Le phénomène et sa prévention

Nature des accidents

Pour le langage courant, l’accident est un événement malheureux et inattendu, moins terrifiant que la catastrophe et plus dangereux que l’incident. Cela va de la chute d’un avion à la grossesse d’une jeune fille, en passant par l’échec à un examen et la noyade. L’accident est un événement fâcheux, qui n’aurait pas dû se produire; mais c’est en même temps le fruit de la fatalité, on n’y peut rien. Cette ambiguïté fondamentale explique que la notion d’accident soit relativement supportable, et qu’elle serve d’euphémisme, notamment lorsqu’on l’utilise pour masquer un suicide. L’accident exonère la victime de sa responsabilité morale. Dans le même mouvement, le sens commun, sans s’embarrasser de contradictions, conçoit l’accident comme dû à un auteur responsable, qu’il va falloir identifier et punir. Les mœurs, la presse, le législateur sont d’accord; et l’usage s’est établi, dans de nombreux pays, de déclencher des procédures judiciaires et administratives spéciales pour indemniser les victimes et charger les responsables. C’est un usage si bien établi qu’on a coutume d’ironiser sur la cascade d’échappatoires qui finit par laisser face à face deux victimes: le blessé et le lampiste.

Les accidents suscitent d’autres difficultés conceptuelles et pragmatiques: de toute évidence, ils sont très hétérogènes. Il y a lieu tout au moins d’essayer de clarifier la notion de gravité des accidents. La tendance naturelle est de s’attacher aux conséquences: par exemple, occurrence de la mort, ou de blessures graves, ou d’une invalidité durable, ou bien de destructions matérielles graves. C’est là une démarche qui relève plus de l’émotion que de la froide logique. En effet, on risque par là de porter trop d’attention aux faits rares et spectaculaires en négligeant les risques banals – or ce sont souvent ceux-ci qui ont les conséquences les plus massives (par sommation des arrêts de travail, par exemple), et il importerait de les prendre en considération les premiers (à l’image des saignements répétés qui affaiblissent un organisme plus sévèrement qu’une hémorragie unique).

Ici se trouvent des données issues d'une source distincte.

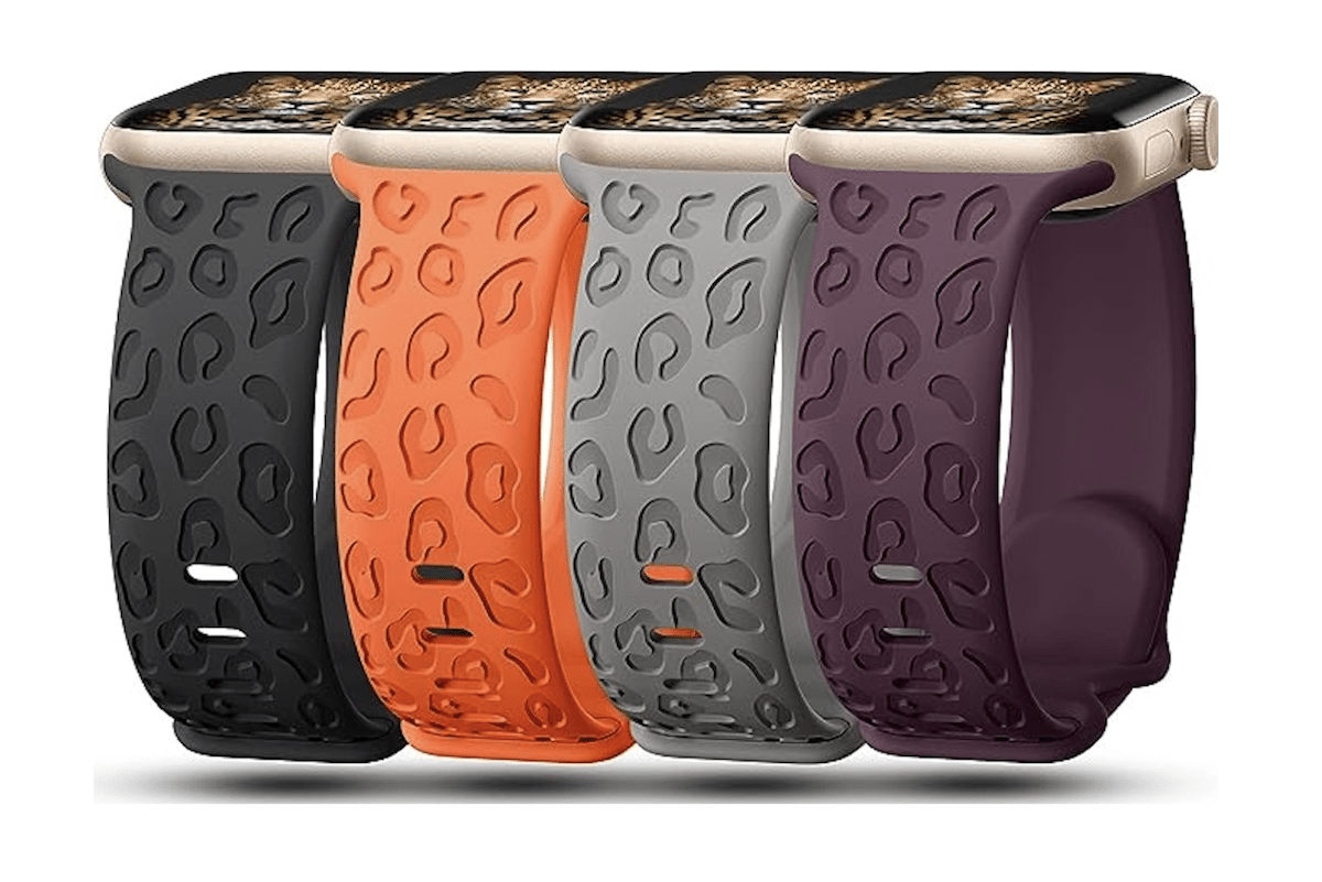 - Jos pidät kellon rannekkeistasi hieman ylimääräisinä, CreateGreat tarjoaa kaiverrettuja rannekkeita, jotka ovat yhteensopivia Apple Watch Series 9:n kanssa 45 mm ja 41 mm koossa ja valikoimassa värejä. Nämä Apple Watch Series 9 -rannekkeet on valmistettu leopardikukkakuvioisesta boho-kuvioisesta pehmeästä silikonista mukavan käytön takaamiseksi.

Les séquelles humaines des accidents sont caractérisées par des retentissements psychologiques d’une grande importance. Les névroses post-traumatiques, de diagnostic parfois très difficile, font l’objet de nombreuses discussions. Les suites de traumatismes crâniens posent des problèmes complexes, et leur thérapeutique est souvent décevante. Des barrières culturelles entravent la communication avec bon nombre de travailleurs étrangers. Ainsi s’expliquent les réactions négatives envers ces blessés: il n’est pas rare qu’on mette la victime en accusation, et qu’on taxe son mal de «sinistrose» (névrose de rente) ou même de simulation. Ces attitudes négatives sont en relation avec un régime spécial d’indemnisation, dont l’Organisation internationale du travail a déjà souhaité un complet réexamen.

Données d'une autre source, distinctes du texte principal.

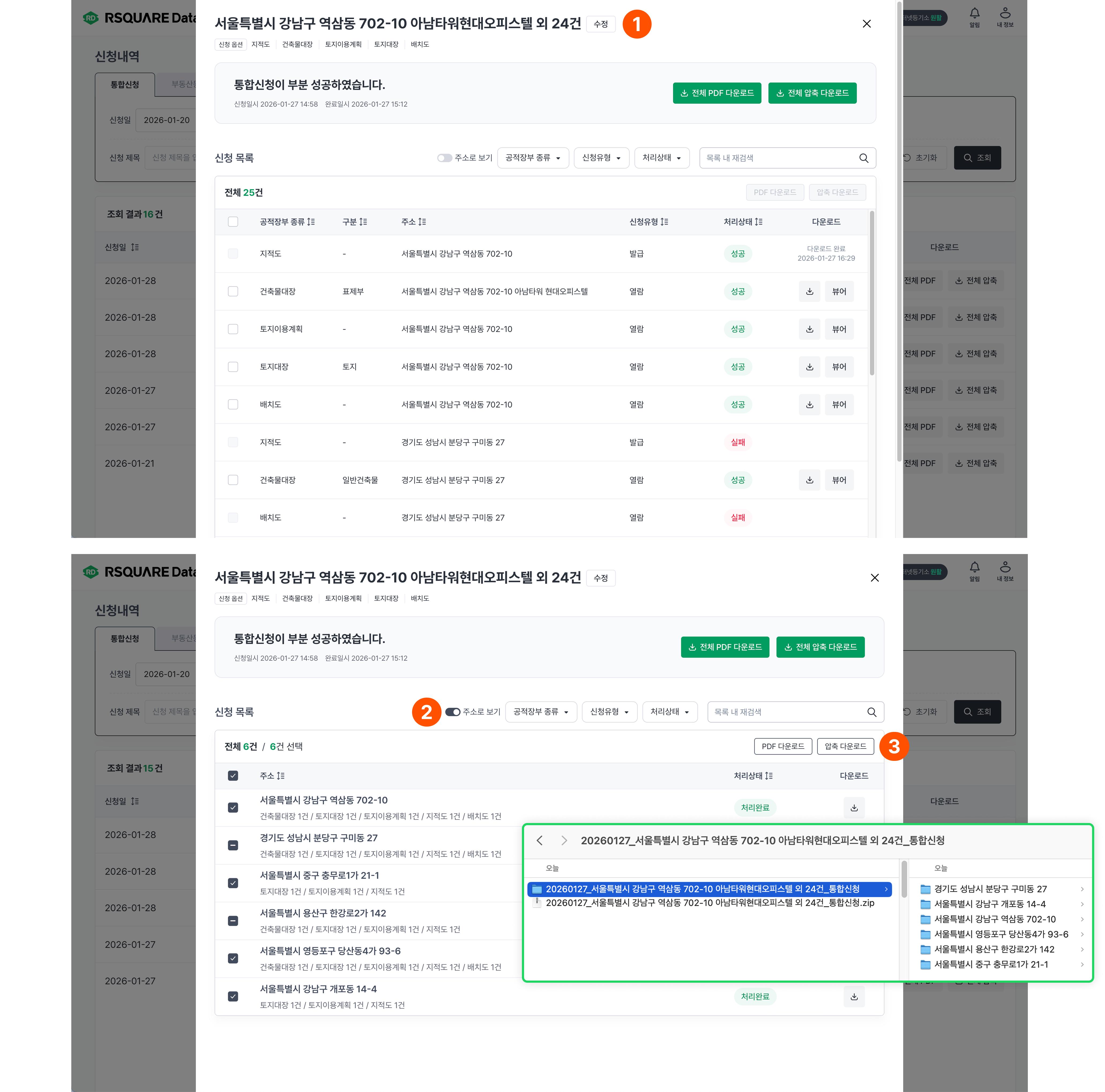 주소로 보기토글을 활성화한 상태에서압축 다운로드버튼을 클릭하면, 주소 단위로 폴더가 구분된 PDF 파일을 압축 다운로드할 수 있습니다.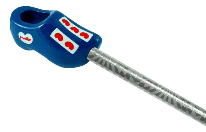 Glimmend zilverkleurig potlood met aan de bovenkant een blauw klompje met de bekende Friese vlag.Op de zijkant van het klompje staat een wit hartje met daarin "Fryslân".

Classification des accidents

Pour tenter de dissiper la confusion et la méconnaissance qui règnent en matière d’accidents, il y a lieu de développer les travaux scientifiques. La première démarche à recommander est du type épidémiologique. Il faut tenter d’améliorer les dénombrements que l’on possède, et qui sont généralement très imparfaits. Le public ignore l’ampleur du danger. Prompt à s’émouvoir devant la menace de la maladie, il ne conçoit pas clairement que le risque vital représenté par les accidents est d’un ordre de grandeur supérieur. C’est ainsi que dans les pays dits développés il meurt chaque année plus d’enfants et de jeunes gens par accident que pour toutes les autres causes de décès réunies. Pour la population entière, dans l’ensemble du monde, seuls le cancer et les maladies cardio-vasculaires causent plus de morts que les accidents; mais, si l’on tient compte des mutilations et des souffrances non mortelles, les accidents tiennent bien la première place.

C’est ainsi qu’on admet qu’il meurt dans le monde accidentellement deux mille personnes chaque jour, dont mille sur les routes. À titre d’exemple, les accidents ont causé en 1971 aux États-Unis près de 6 p. 100 des décès, 12 p. 100 des pertes en années de vie, plus de 20 p. 100 des années de travail perdues.

Chez l’enfant, les risques évoluent avec l’âge: à la prédominance des accidents «domestiques» succède celle des accidents de la circulation.

La démarche épidémiologique repose sur une classification soigneuse et aussi rigoureuse que possible. Cette classification doit tenir compte des circonstances (accidents à la maison, accidents liés aux loisirs). La classification doit inclure les modalités de l’accident (submersion, chute, intoxication, brûlure, décélération, heurt par objet inanimé, etc.). Elle doit répertorier le sexe, l’âge, l’état matrimonial, etc.

Cette classification est le premier temps, d’une part d’un meilleur recensement, d’autre part d’une recherche scientifique approfondie sur les causes et les mécanismes des accidents, elle-même fondement de la prévention.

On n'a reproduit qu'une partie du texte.